Looking through the original list and the comments so far and comparing to systems I've built a couple of additions:
1. eReader: Whilst we can debate whether they need Kobo, Kindle etc. an abilitiy to read ePub files will be useful. I use MobiPocket, but there are many to choose from. Be warned that many (eg. Kindle) need to be installed by logging into each individual user account and then installing - they don't seem to handle a general admin install.
2. Touch typing tutor: I've tended to install Rapid Typing Tutor - remember the satellilite link effectively rules out online tools such as the excellent http://www.bbc.co.uk/schools/typing/
3. Password Manager: Whilst these are public machines, it may be handy to use a password manager to retain all those default passwords that permit these systems to access standard resources.

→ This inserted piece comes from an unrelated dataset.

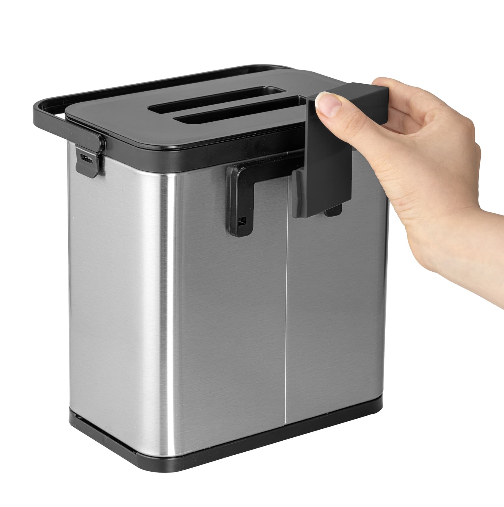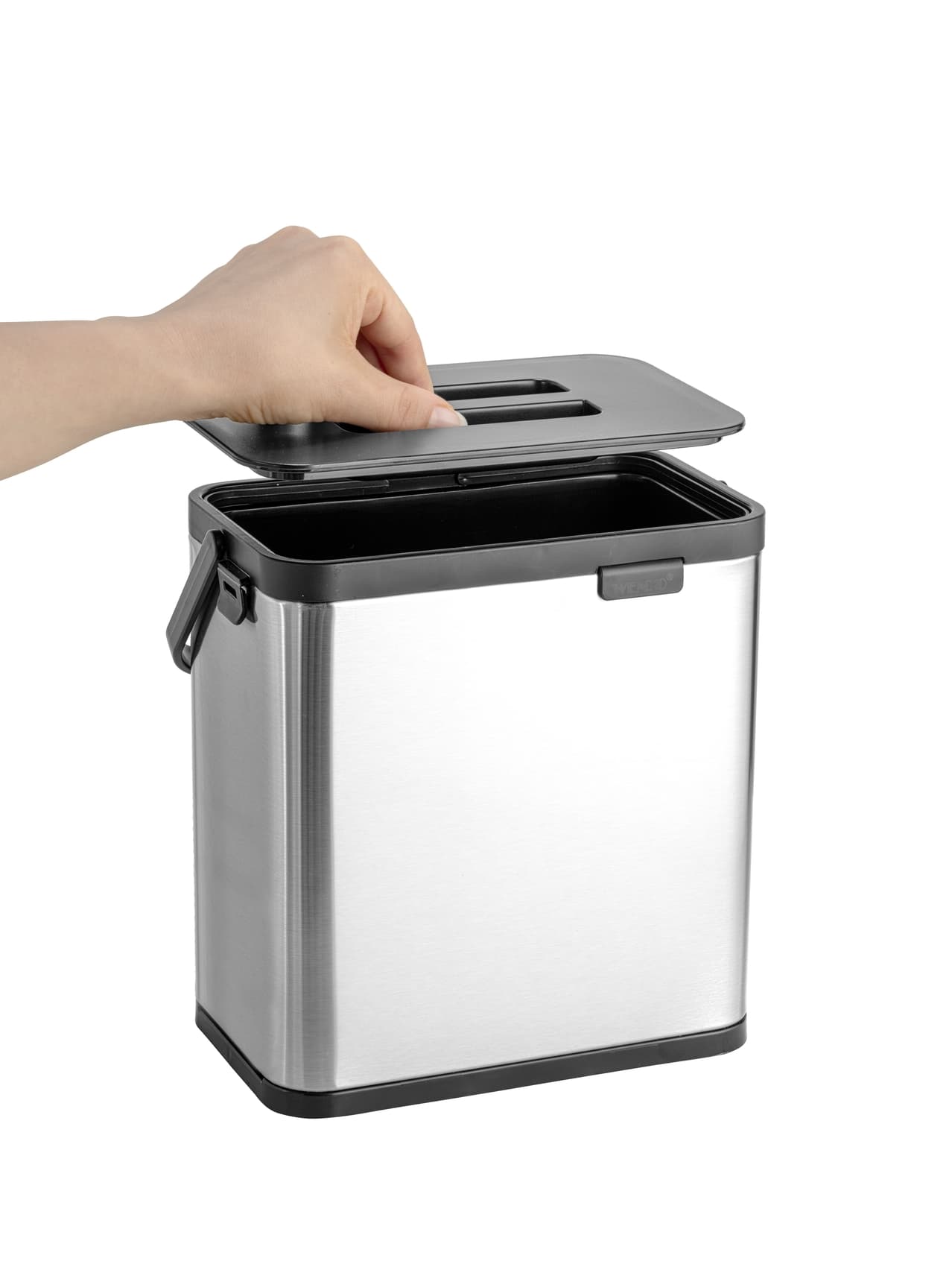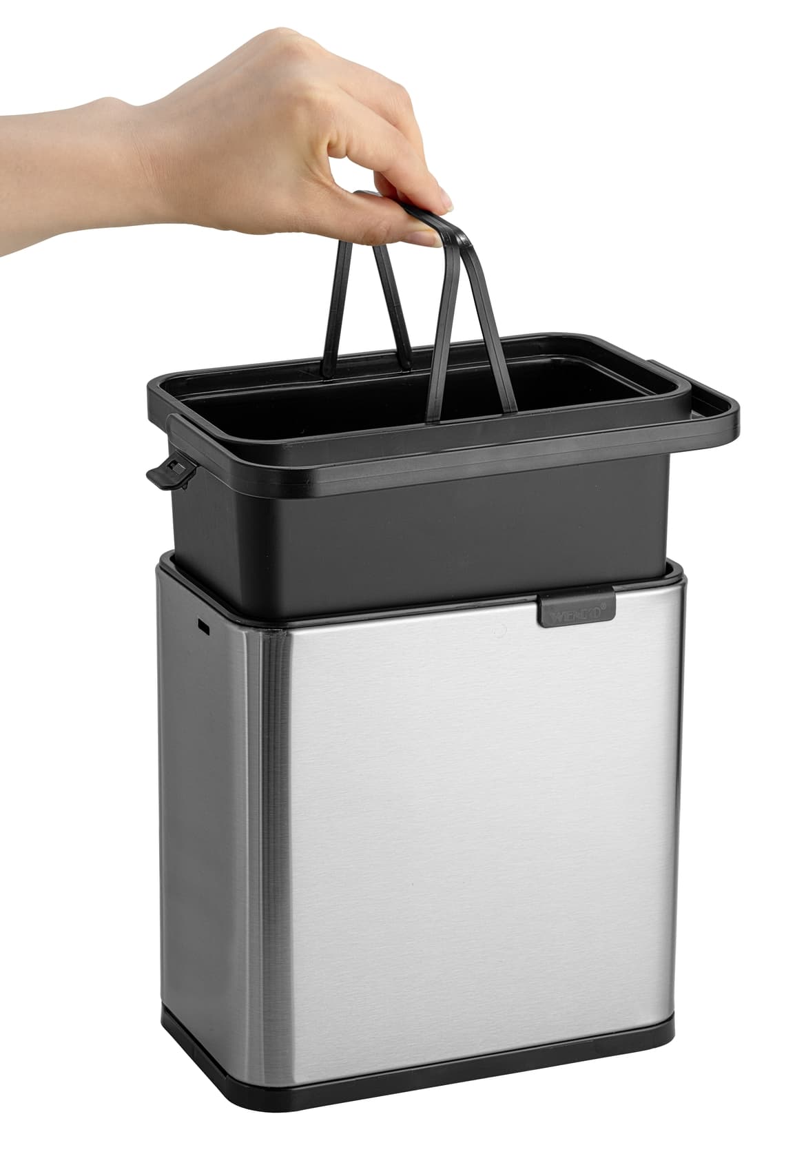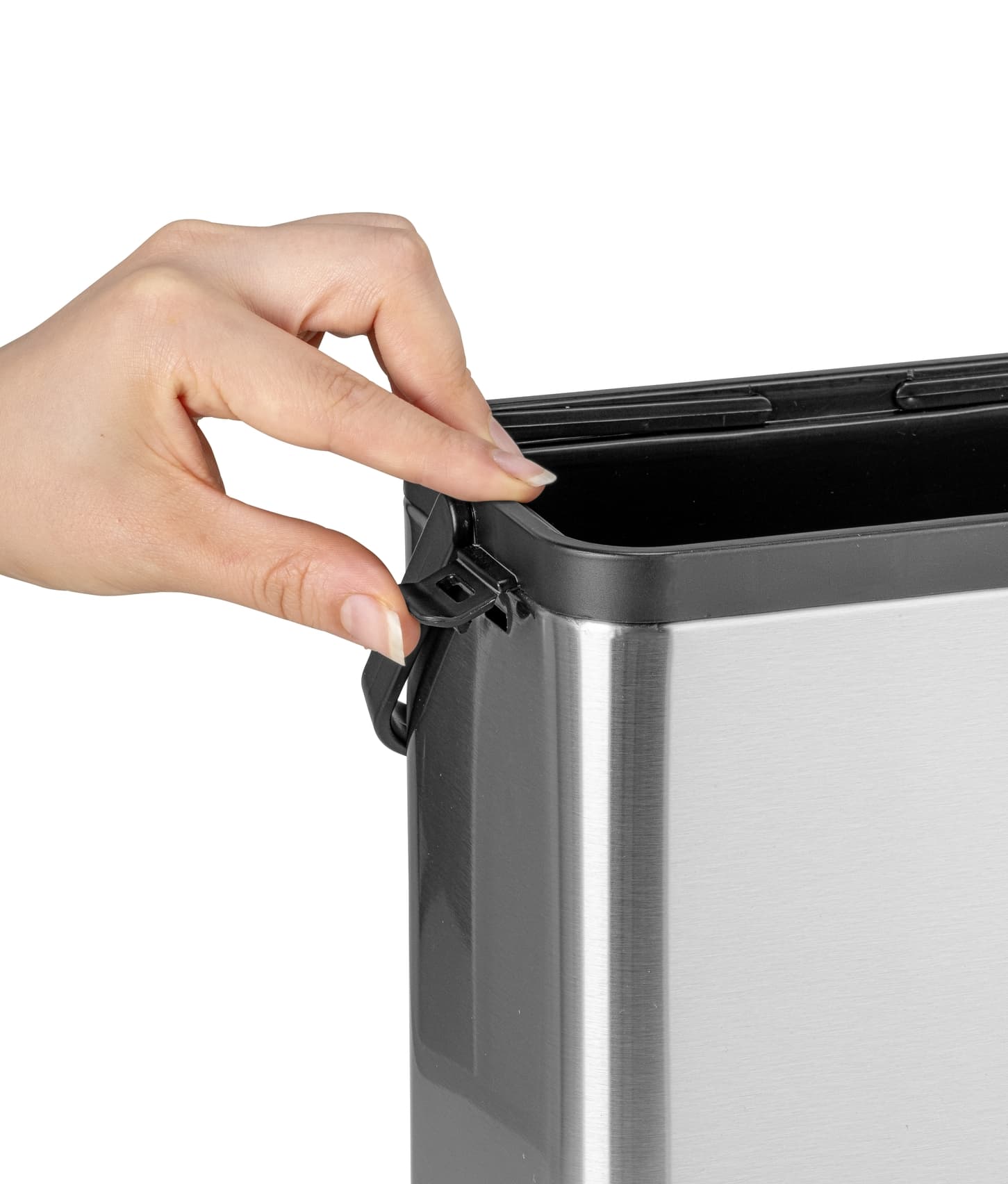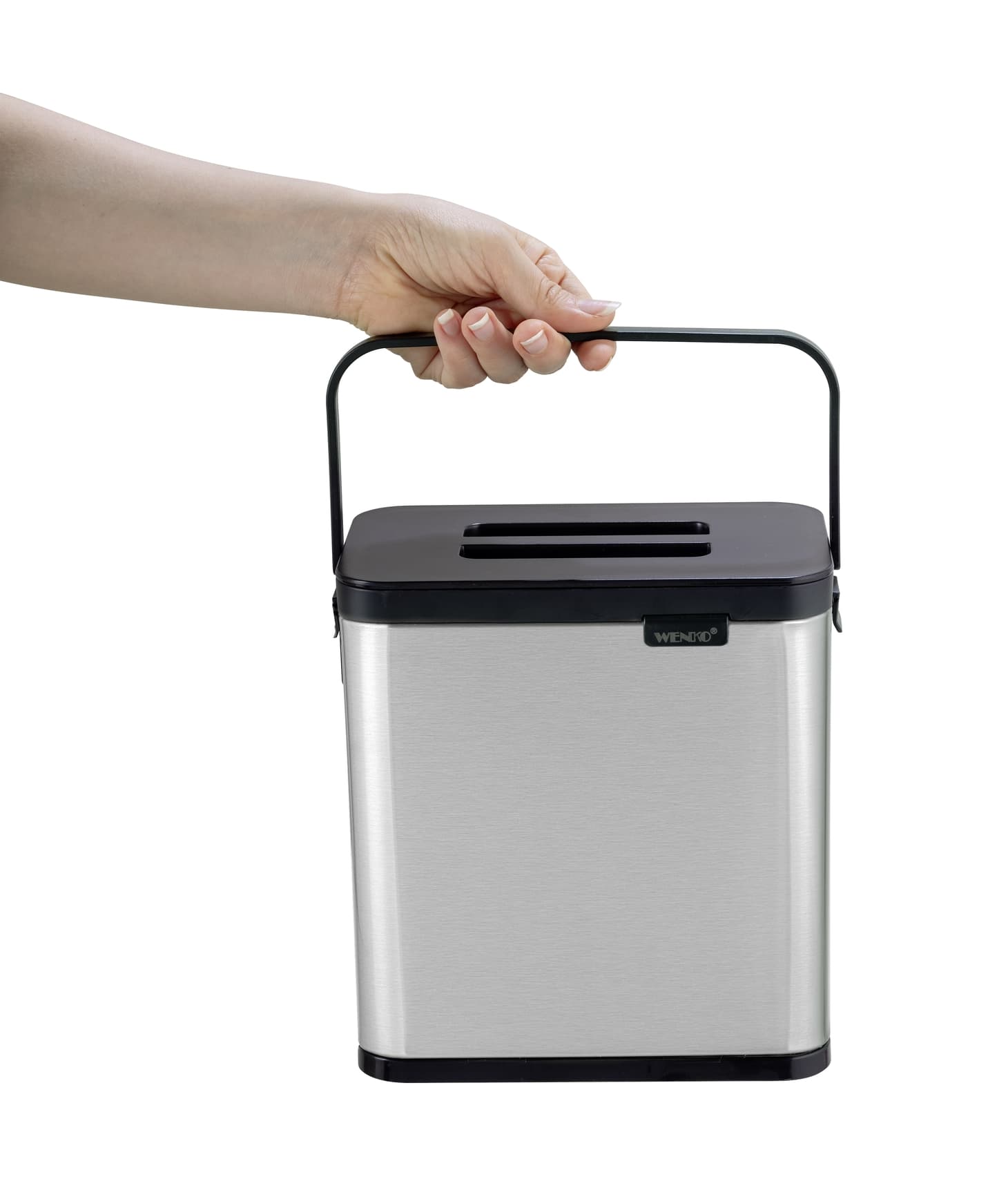 Der elegante Abfallsammler Colin von WENKO ist ein echter Blickfang in jeder Küche! Dieser kompakte Edelstahl Abfalleimer überzeugt durch sein Anti-Fingerprint-Finish, das lästige Fingerabdrücke verhindert, sowie seine Vielseitigkeit. Mit einem Fassungsvermögen von 3 Litern bietet der Abfallsammler ausreichend Platz für Küchenabfälle und sorgt gleichzeitig für ein stilvolles Ambiente in Ihrer Küche. Der praktische Abfalleimer mit Deckel ist freistehend und kann bei Bedarf auch hängend montiert werden. Dank der mitgelieferten Über-Tür- und Static-Loc®®-Befestigungsmöglichkeiten lässt sich der Abfallsammler flexibel in Ihrer Küche einsetzen. Der integrierte Griff erleichtert den Transport und die Entleerung des herausnehmbaren Innenbehälters. Dieser ist aus robustem Kunststoff gefertigt und vermeidet den direkten Kontakt des Abfalls mit dem Edelstahl – ideal, um Rost zu verhindern und die Langlebigkeit Ihres Abfalleimers zu sichern. Mit seiner mattsilbernen Optik und den schwarzen Akzenten fügt sich der stylische Edelstahl Abfalleimer nahtlos in jede Kücheneinrichtung ein. Die rutschfesten Füße sorgen für einen sicheren Stand, egal ob auf der Arbeitsplatte oder im Schrank. Ergänzen Sie Ihre Küchenausstattung mit diesem funktionalen und stilvollen Abfalleimer klein und erleben Sie Sauberkeit und Ordnung auf höchstem Niveau. Der Abfallsammler Colin ist die perfekte Lösung, um mehr Ordnung in Ihre Küche zu bringen. Entdecken Sie auch unsere weiteren praktischen Küchenhelfer, die Ihre Küchenorganisation unterstützen und den Alltag erleichtern. Investieren Sie in diesen hochwertigen Küchenabfalleimer und genießen Sie die Vorteile eines durchdachten Designs, das Funktionalität und Ästhetik vereint!

4. iPads/Android etc.: For simplicity just install Collobos Presto on the 'server' system. Whilst not free, it is probably the easiest way to enable iOS to send stuff to Windows printers.
Finally, I recommend giving some thought to the final user environment configuration. Trivia like:
- Tidying up the Windows menu's so the user doesn't get to see entries like "Windows Anytime Upgrade" etc.
- Buttons, such as changing the default setting on the "Shutdown" button to "Logoff".
- Setting the various auto updaters so that user's aren't distracted by them.
- Pinning relevant stuff to the desktop, Menu bar, start menu etc.